I've got a ZynqU+ that I've built and am running embedded linux on. Everything boots fine, and initially runs fine. One problem though is that I see the ue_count in /sys/devices/system/edac/mc/mc0/ is incremented to 13 (ce_count is 0) every time I boot the board. There are no EDAC messages in dmesg or syslog mentioning encountering an uncorrectable error, and investigating the zynqs DDR module's registers (https://www.xilinx.com/htmldocs/registers/ug1087/ug1087-zynq-ultrascale-registers.html search for "DDRC Module"), the status registers containing CE & UE counts are 0 along with all related registers
Additionally, if I stress the system with a bunch of constant read/write operations just to a temp folder I will eventually (10-30mins) see EDAC errors printed out to the console.
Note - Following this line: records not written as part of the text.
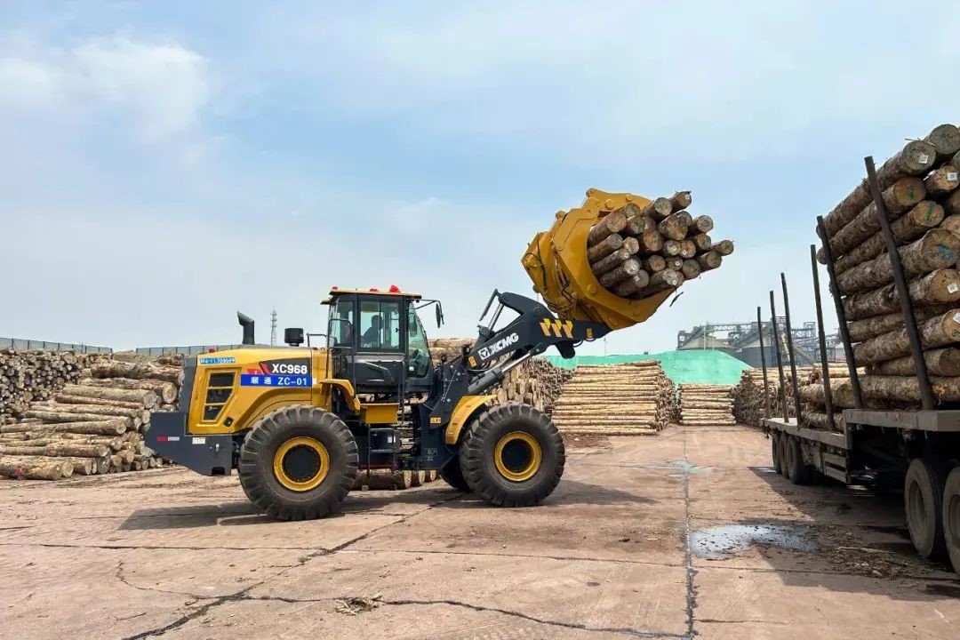 隨著滿載原木的貨輪緩緩靠岸,日照港瞬間切換為一派繁忙景象,20臺徐工XC968I夾鉗機(jī)迅速啟動、排列有序登上甲板,將原木從入港船舶上夾起、轉(zhuǎn)運(yùn)至等待裝運(yùn)的卡車,動作一氣呵成。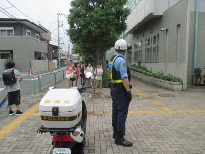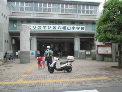 八幡山駐在所のお巡りさんや保護者の方・わんわんパトロールの方の見守りがあります。正門で校長先生と朝の挨拶をして子どもたちは登校しています。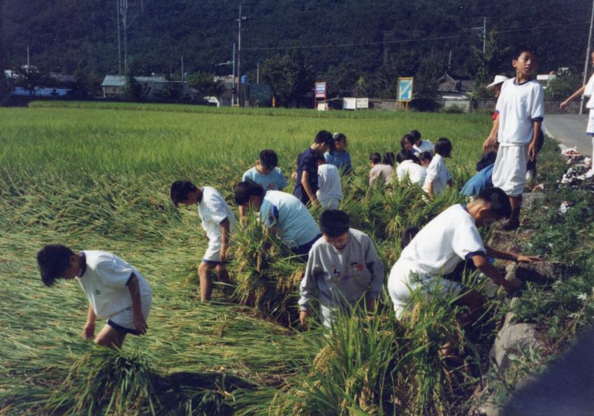 궁근정국민학교 학생들의 벼세우기 광경

This will often be followed by a kernel panic, but if the system does not panic investigating the previous locations above I can see my ce_count, ue_count have incremented, syslog now has EDAC error messages in it, and the Zynq DDRC module's registers contain values where they were 0 before (Interestingly, not the CE & UE count register, that remains 0, perhaps EDAC clears it after reporting it?)
I have tested this build across half a dozen different boards and they are all showing the exact same behavior. I have trouble believing these ECC errors are real because of that, but I'm not really sure what other explanation there could be. Perhaps I miss-configured something in linux?
The 13 ue_count on boot really mystifies me though, how can EDAC increment that without reporting any errors, how can it increment that while the zynq's module that it's registered too does not contain any signs of ECC activity?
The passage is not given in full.